===== PROVIDED DATA

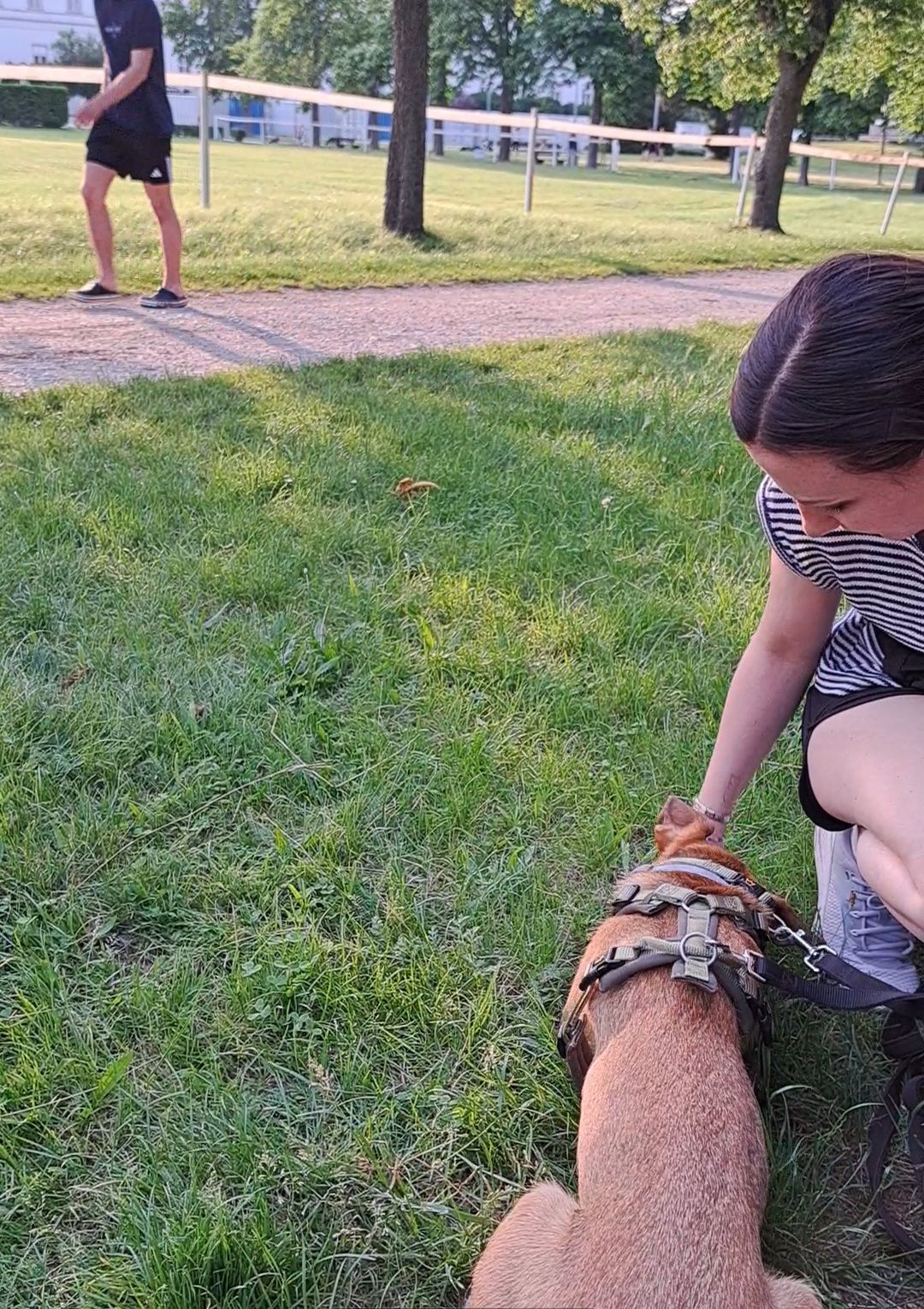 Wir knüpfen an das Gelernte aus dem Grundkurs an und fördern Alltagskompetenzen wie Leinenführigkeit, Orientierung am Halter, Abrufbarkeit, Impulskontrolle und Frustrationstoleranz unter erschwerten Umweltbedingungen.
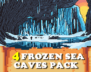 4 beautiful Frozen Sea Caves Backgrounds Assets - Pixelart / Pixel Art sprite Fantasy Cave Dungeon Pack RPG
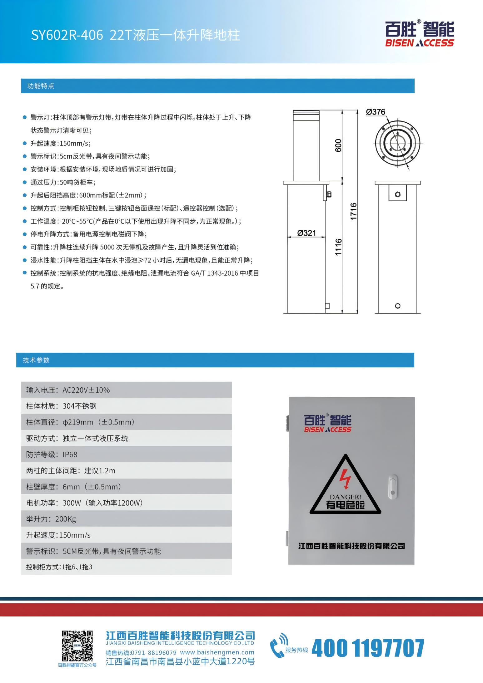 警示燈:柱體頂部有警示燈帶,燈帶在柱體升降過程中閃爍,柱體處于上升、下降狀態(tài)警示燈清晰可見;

==========

Return the listing above word for word, with the pictures removed.

 Wir knüpfen an das Gelernte aus dem Grundkurs an und fördern Alltagskompetenzen wie Leinenführigkeit, Orientierung am Halter, Abrufbarkeit, Impulskontrolle und Frustrationstoleranz unter erschwerten Umweltbedingungen.
 4 beautiful Frozen Sea Caves Backgrounds Assets - Pixelart / Pixel Art sprite Fantasy Cave Dungeon Pack RPG
 警示燈:柱體頂部有警示燈帶,燈帶在柱體升降過程中閃爍,柱體處于上升、下降狀態(tài)警示燈清晰可見;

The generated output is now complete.